*** Opening of DATA ***

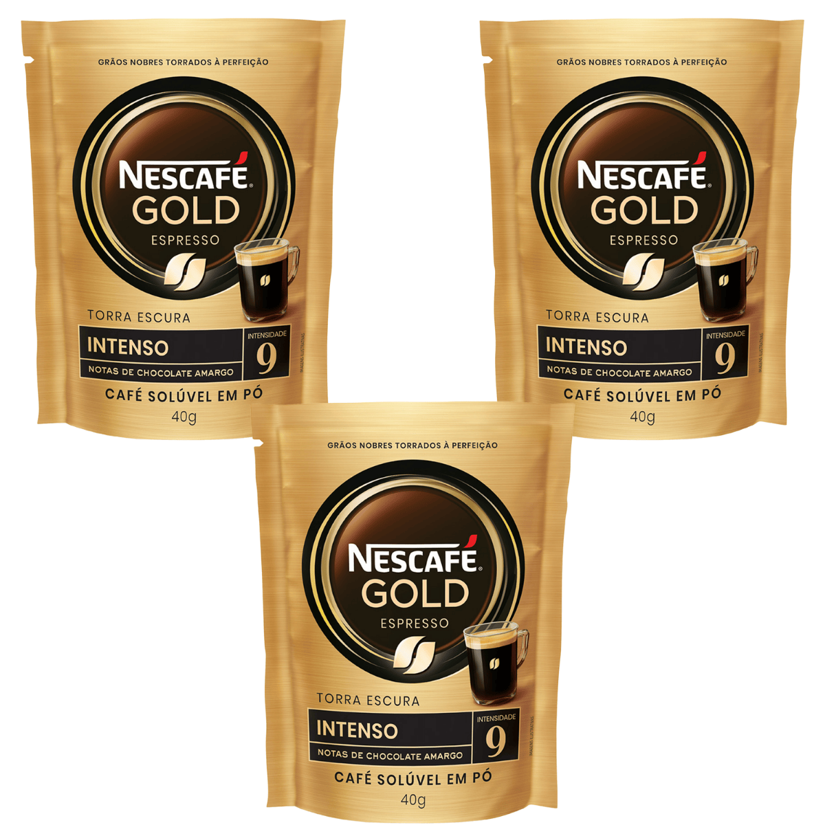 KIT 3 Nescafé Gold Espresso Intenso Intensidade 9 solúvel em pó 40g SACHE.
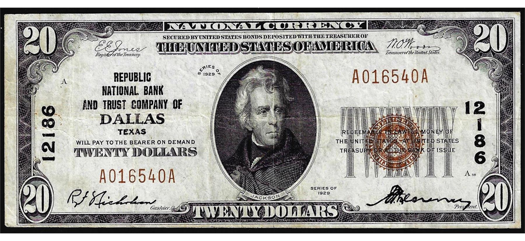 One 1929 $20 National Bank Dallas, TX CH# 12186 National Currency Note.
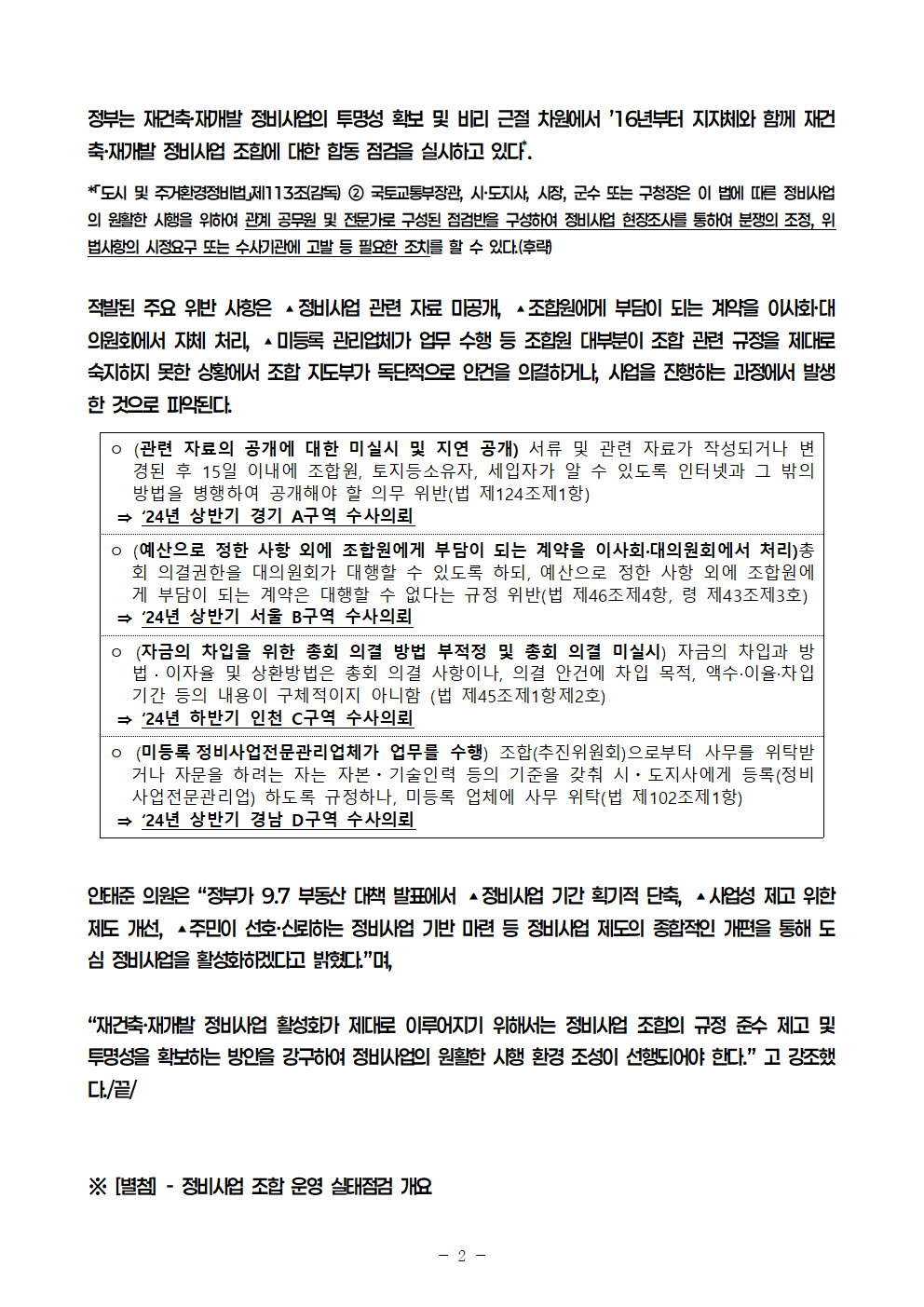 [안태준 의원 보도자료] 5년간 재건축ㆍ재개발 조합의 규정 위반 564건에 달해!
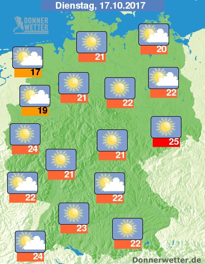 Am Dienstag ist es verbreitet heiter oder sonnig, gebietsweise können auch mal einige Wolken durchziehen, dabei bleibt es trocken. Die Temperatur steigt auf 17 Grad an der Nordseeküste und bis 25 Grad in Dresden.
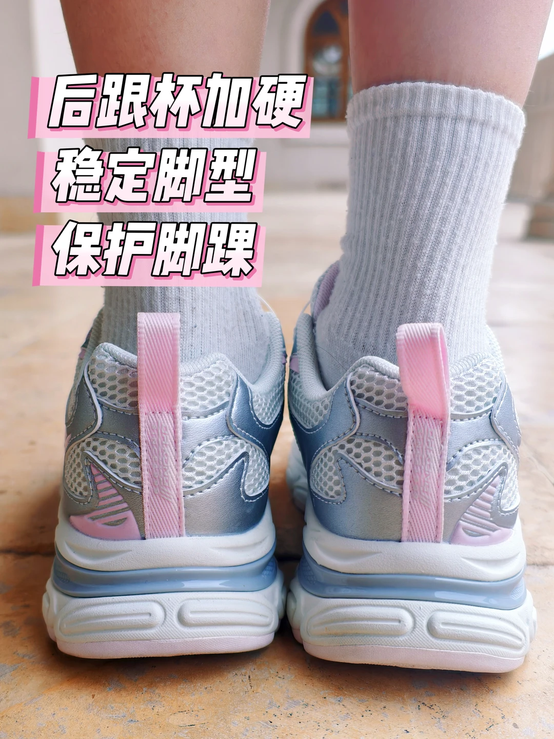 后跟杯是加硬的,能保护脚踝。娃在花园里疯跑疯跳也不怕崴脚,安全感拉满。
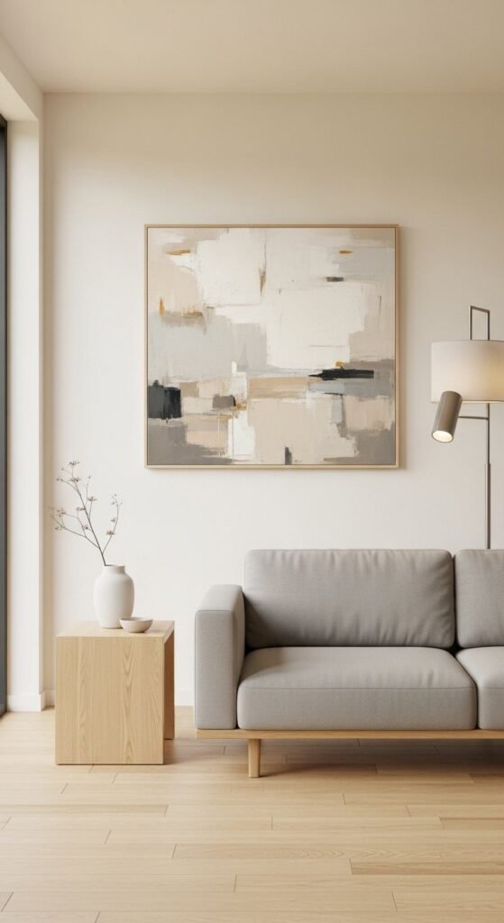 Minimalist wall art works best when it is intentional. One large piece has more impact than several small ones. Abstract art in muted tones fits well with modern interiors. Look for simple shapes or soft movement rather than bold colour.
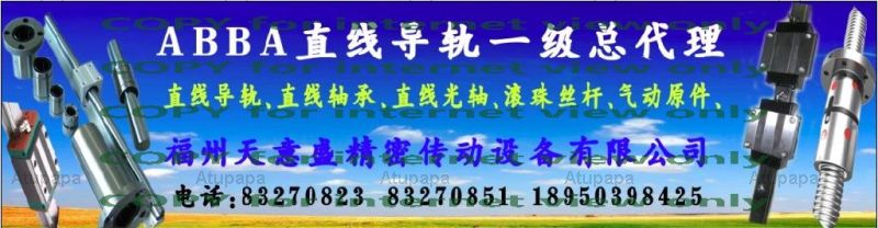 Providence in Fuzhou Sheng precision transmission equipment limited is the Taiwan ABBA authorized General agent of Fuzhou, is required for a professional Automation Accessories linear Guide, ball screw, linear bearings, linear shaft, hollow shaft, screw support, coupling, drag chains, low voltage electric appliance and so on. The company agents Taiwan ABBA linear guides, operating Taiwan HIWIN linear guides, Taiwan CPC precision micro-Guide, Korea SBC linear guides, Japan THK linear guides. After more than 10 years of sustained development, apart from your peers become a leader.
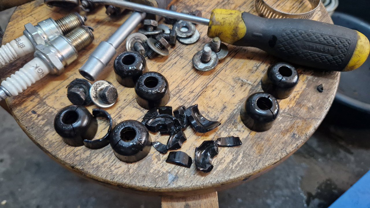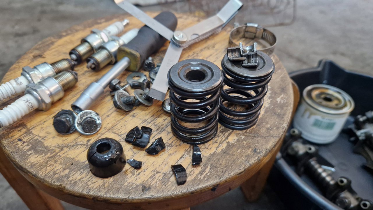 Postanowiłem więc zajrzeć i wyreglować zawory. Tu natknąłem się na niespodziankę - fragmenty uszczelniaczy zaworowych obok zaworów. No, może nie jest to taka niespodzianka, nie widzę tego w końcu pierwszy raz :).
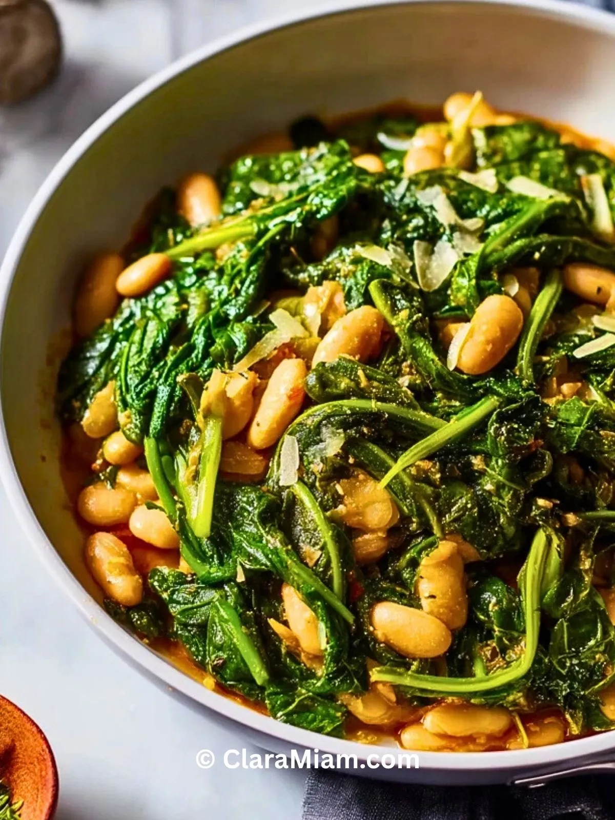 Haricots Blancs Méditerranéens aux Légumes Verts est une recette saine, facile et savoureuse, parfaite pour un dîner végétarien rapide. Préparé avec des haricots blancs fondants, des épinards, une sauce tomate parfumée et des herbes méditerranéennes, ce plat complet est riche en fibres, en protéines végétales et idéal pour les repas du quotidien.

*** Close of DATA ***

— TASK STATEMENT —
Output the records above in their entirety and exactly, leaving out all images.

— ANSWER FOR THE TASK —
 KIT 3 Nescafé Gold Espresso Intenso Intensidade 9 solúvel em pó 40g SACHE.
 One 1929 $20 National Bank Dallas, TX CH# 12186 National Currency Note.
 [안태준 의원 보도자료] 5년간 재건축ㆍ재개발 조합의 규정 위반 564건에 달해!
 Am Dienstag ist es verbreitet heiter oder sonnig, gebietsweise können auch mal einige Wolken durchziehen, dabei bleibt es trocken. Die Temperatur steigt auf 17 Grad an der Nordseeküste und bis 25 Grad in Dresden.
 后跟杯是加硬的,能保护脚踝。娃在花园里疯跑疯跳也不怕崴脚,安全感拉满。
 Minimalist wall art works best when it is intentional. One large piece has more impact than several small ones. Abstract art in muted tones fits well with modern interiors. Look for simple shapes or soft movement rather than bold colour.
 Providence in Fuzhou Sheng precision transmission equipment limited is the Taiwan ABBA authorized General agent of Fuzhou, is required for a professional Automation Accessories linear Guide, ball screw, linear bearings, linear shaft, hollow shaft, screw support, coupling, drag chains, low voltage electric appliance and so on. The company agents Taiwan ABBA linear guides, operating Taiwan HIWIN linear guides, Taiwan CPC precision micro-Guide, Korea SBC linear guides, Japan THK linear guides. After more than 10 years of sustained development, apart from your peers become a leader.
 Postanowiłem więc zajrzeć i wyreglować zawory. Tu natknąłem się na niespodziankę - fragmenty uszczelniaczy zaworowych obok zaworów. No, może nie jest to taka niespodzianka, nie widzę tego w końcu pierwszy raz :).
 Haricots Blancs Méditerranéens aux Légumes Verts est une recette saine, facile et savoureuse, parfaite pour un dîner végétarien rapide. Préparé avec des haricots blancs fondants, des épinards, une sauce tomate parfumée et des herbes méditerranéennes, ce plat complet est riche en fibres, en protéines végétales et idéal pour les repas du quotidien.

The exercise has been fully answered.